Molly E. Molloy (Massachusetts, April 4, 1940 – New York, June 15, 2016) was an American dancer, choreographer and teacher who worked internationally. She was based in Paris, New York and London and was the originator of the Molloy Technique of Jazz Dance, a form of Modern American Jazz which she notably taught to choreographer Arlene Phillips and her troupe Hot Gossip.

Early life

Family tree 
Molloy was a fourth-generation dancer, but the first woman. Her great-grandfather was a dancer of Irish dancing as well as tap. Her grandfather was part of a dance team who did Irish dancing, tap and clog. Molloy's grandparents and all of their brothers and sisters all played musical instruments, and most of them danced. Her father (one of six children) along with his twin brother was a member of the "Molloy Twins" or "Molloy Boys," and worked in vaudeville and variety theater.

Childhood 
When Molloy was five, the family moved to New York. Against her mother's wishes, her father and uncle took her all over New York to their agents. But at her mother's insistence, Molloy trained in New York at the Metropolitan Opera Ballet School on full scholarship and was a protégée of Anthony Tudor at eight years old. She went on to study at the High School of Performing Arts and by the age of 14, was dancing professionally.

Choreography/Direction

Theatre 
When it came to theatre, from 14 May 1986 to 8 April 1989, Molloy was the Choreographer for Chess, the musical by Benny Andersson, Björn Ulvaeus and Tim Rice at the Prince Edward Theatre in London.

Cabaret 
She choreographed cabaret numbers at the legendary Crazy Horse theater in Paris from 1983 until her death. Molloy also choreographed 'La Difference' and 'One of a Kind', the Yvonne Constant Shows, as an artistic consultant from 1997 onwards. She choreographed many revues at the Paradis Latin in Paris from its re-opening in 1977, working with owner/producer Jean Kriegel and director Jean-Marie Riviere as well as dancers from all over the world. From November 2005 to September 2008, Molloy was the choreographer of 'Paradis d'amour' at Le Paradis Latin in Paris. She became the choreographer for L'Ange Bleu after one of her students at La Salle Pleyel in Paris introduced her to the French cabaret producer and director Jean Marie Riviere.

Circus 
She worked with Gifford's Circus, too, as the English Tour Dance Director on "Yasmine" in 2010 and Caravan in 2008.

Dance 
In 2005, Molloy choreographed on the World Tour of 'Celtic Tiger', the Michael Flatley Show.
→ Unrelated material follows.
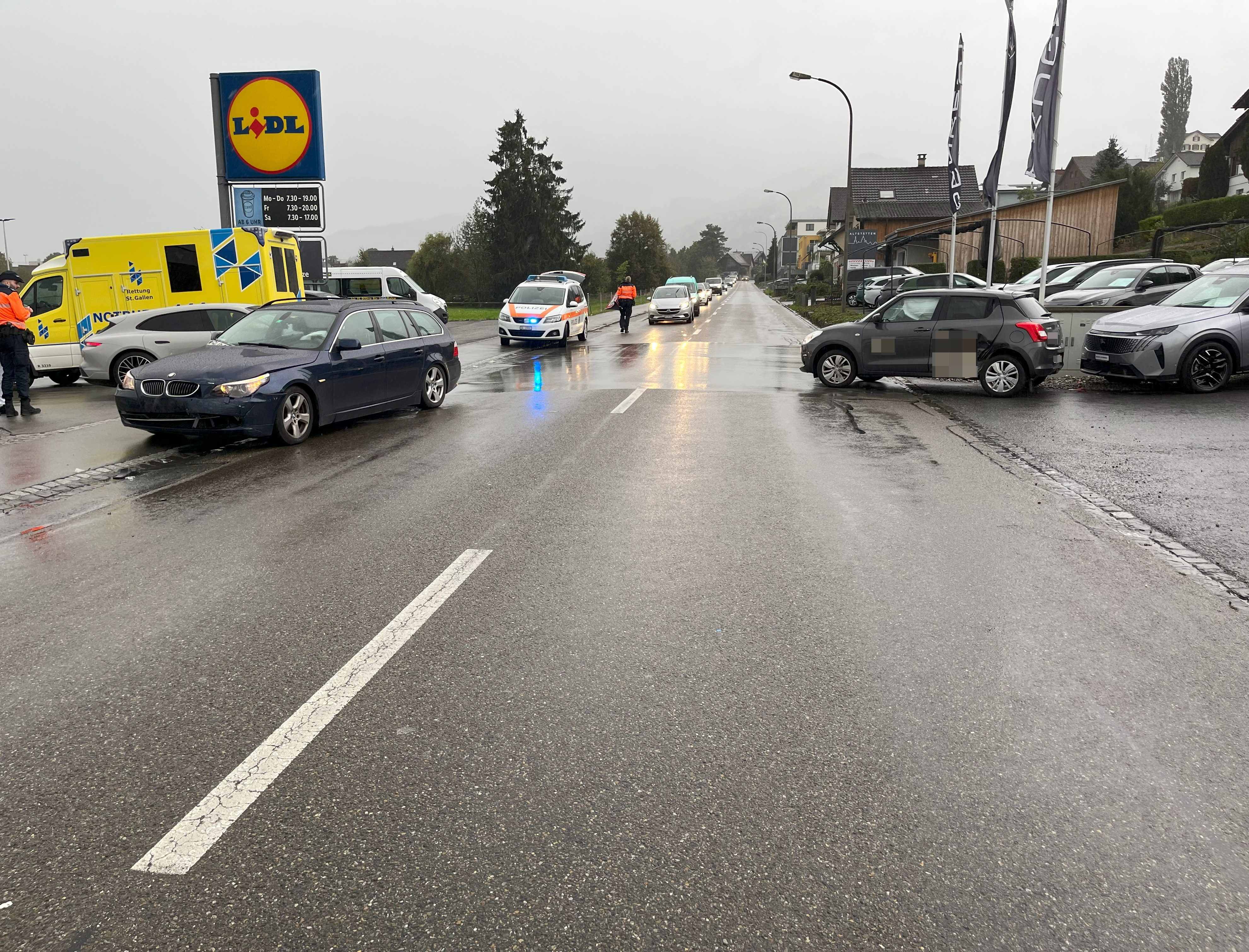 Eine 49-jährige Frau fuhr mit ihrem Auto bei der Verzweigung 'Gehrenhof' links in die Rorschacherstrasse ein. Gleichzeitig fuhr ein 40-jähriger Mann mit seinem Auto von Altstätten her in Richtung Heerbrugg. Es kam zur Kollision zwischen den beiden Autos. Durch den Aufprall drehte sich das Auto der Frau um 180 Grad über die Strasse. Dort prallte es in ein parkiertes Auto.

From 2012, Molloy worked with Andy Black to choreograph 'Follow The Faun' which ran from 31 October to 12 November in London's Above the Arts Theatre.

Cinema 
Molloy was also involved in film choreography for the French cult classic, La Cité de la peur, which was released in 1994. She masterminded the famous scene in which the protagonists played by Gérard Darmon and Alain Chabat dance "La Carioca". She also worked on the sets of the thrillers Tati Danielle (1990) and Agatha (1979).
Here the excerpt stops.